## What the exercise asks
Could you retype the entries below exactly, omitting every picture?

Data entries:
Content starts

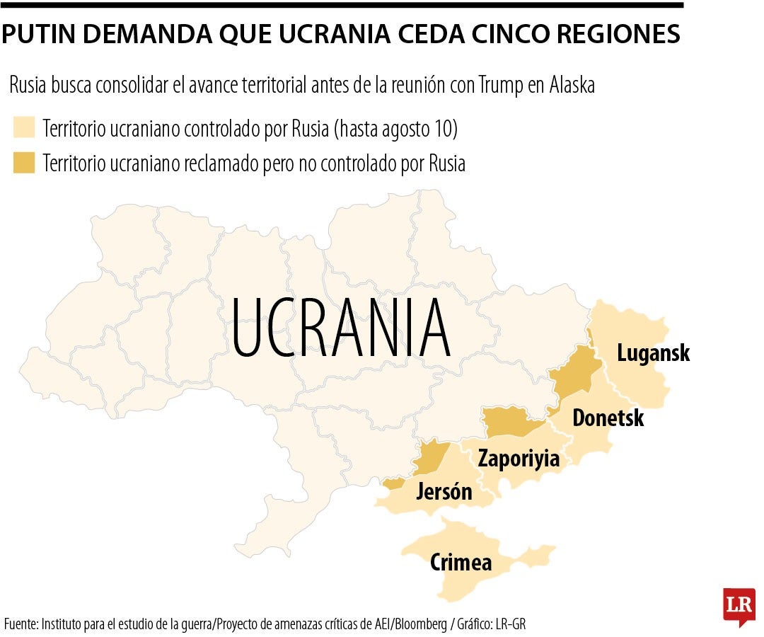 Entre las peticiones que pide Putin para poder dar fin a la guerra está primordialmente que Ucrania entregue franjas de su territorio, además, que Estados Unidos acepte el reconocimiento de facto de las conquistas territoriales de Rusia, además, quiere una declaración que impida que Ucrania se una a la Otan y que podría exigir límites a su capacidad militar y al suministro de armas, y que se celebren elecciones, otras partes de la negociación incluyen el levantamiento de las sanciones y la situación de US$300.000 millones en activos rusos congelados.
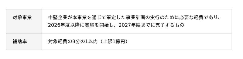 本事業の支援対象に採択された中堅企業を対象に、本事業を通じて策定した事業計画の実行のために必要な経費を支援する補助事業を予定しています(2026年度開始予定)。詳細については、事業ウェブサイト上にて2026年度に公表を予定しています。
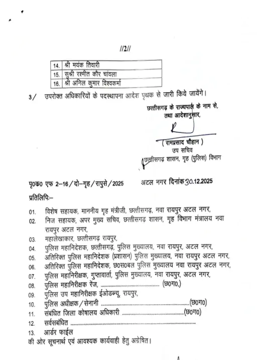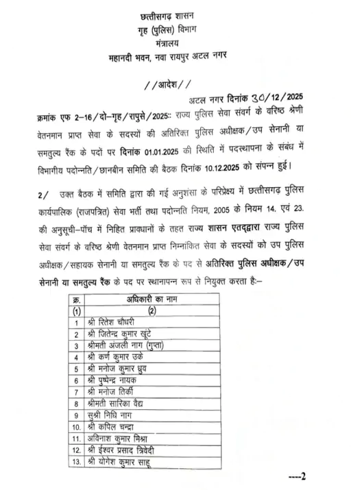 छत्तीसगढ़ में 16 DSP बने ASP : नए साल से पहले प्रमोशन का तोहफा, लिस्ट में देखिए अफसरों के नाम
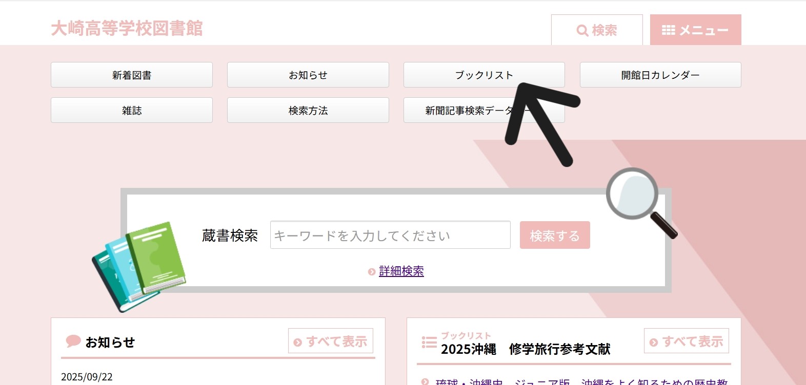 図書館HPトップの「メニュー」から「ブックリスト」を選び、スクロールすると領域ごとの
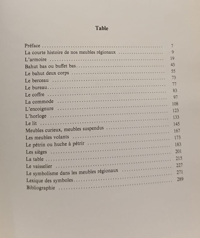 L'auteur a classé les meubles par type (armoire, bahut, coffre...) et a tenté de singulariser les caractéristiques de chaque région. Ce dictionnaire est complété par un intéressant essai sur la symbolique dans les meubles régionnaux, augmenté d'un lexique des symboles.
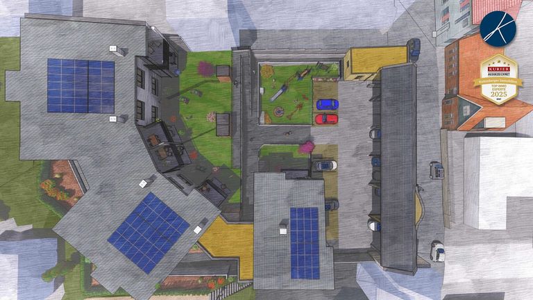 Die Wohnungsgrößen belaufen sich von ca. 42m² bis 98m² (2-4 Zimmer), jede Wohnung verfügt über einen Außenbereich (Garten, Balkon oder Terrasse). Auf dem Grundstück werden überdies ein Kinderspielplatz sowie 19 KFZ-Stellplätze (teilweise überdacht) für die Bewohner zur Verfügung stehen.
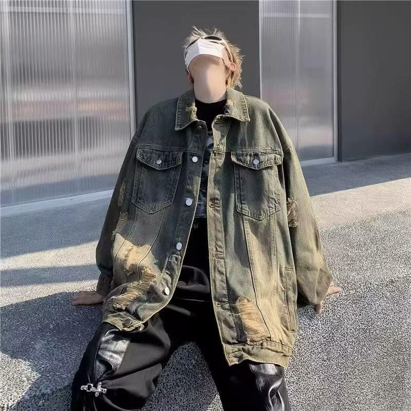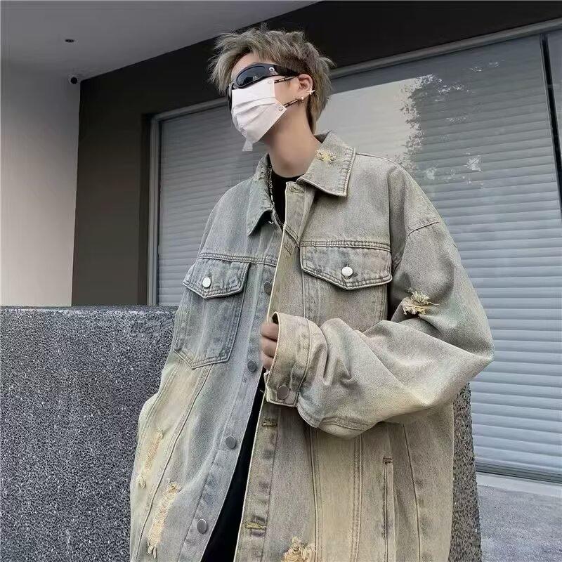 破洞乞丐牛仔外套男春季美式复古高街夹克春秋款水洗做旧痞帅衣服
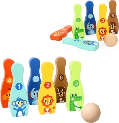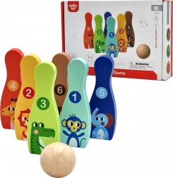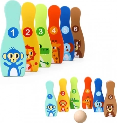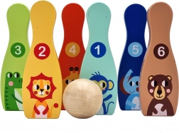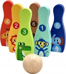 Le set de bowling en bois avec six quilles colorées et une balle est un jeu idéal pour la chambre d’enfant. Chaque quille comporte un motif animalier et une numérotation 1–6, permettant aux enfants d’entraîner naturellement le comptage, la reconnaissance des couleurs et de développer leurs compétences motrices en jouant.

Content ends

## The completed task
 Entre las peticiones que pide Putin para poder dar fin a la guerra está primordialmente que Ucrania entregue franjas de su territorio, además, que Estados Unidos acepte el reconocimiento de facto de las conquistas territoriales de Rusia, además, quiere una declaración que impida que Ucrania se una a la Otan y que podría exigir límites a su capacidad militar y al suministro de armas, y que se celebren elecciones, otras partes de la negociación incluyen el levantamiento de las sanciones y la situación de US$300.000 millones en activos rusos congelados.
 本事業の支援対象に採択された中堅企業を対象に、本事業を通じて策定した事業計画の実行のために必要な経費を支援する補助事業を予定しています(2026年度開始予定)。詳細については、事業ウェブサイト上にて2026年度に公表を予定しています。
 छत्तीसगढ़ में 16 DSP बने ASP : नए साल से पहले प्रमोशन का तोहफा, लिस्ट में देखिए अफसरों के नाम
 図書館HPトップの「メニュー」から「ブックリスト」を選び、スクロールすると領域ごとの
 L'auteur a classé les meubles par type (armoire, bahut, coffre...) et a tenté de singulariser les caractéristiques de chaque région. Ce dictionnaire est complété par un intéressant essai sur la symbolique dans les meubles régionnaux, augmenté d'un lexique des symboles.
 Die Wohnungsgrößen belaufen sich von ca. 42m² bis 98m² (2-4 Zimmer), jede Wohnung verfügt über einen Außenbereich (Garten, Balkon oder Terrasse). Auf dem Grundstück werden überdies ein Kinderspielplatz sowie 19 KFZ-Stellplätze (teilweise überdacht) für die Bewohner zur Verfügung stehen.
 破洞乞丐牛仔外套男春季美式复古高街夹克春秋款水洗做旧痞帅衣服
 Le set de bowling en bois avec six quilles colorées et une balle est un jeu idéal pour la chambre d’enfant. Chaque quille comporte un motif animalier et une numérotation 1–6, permettant aux enfants d’entraîner naturellement le comptage, la reconnaissance des couleurs et de développer leurs compétences motrices en jouant.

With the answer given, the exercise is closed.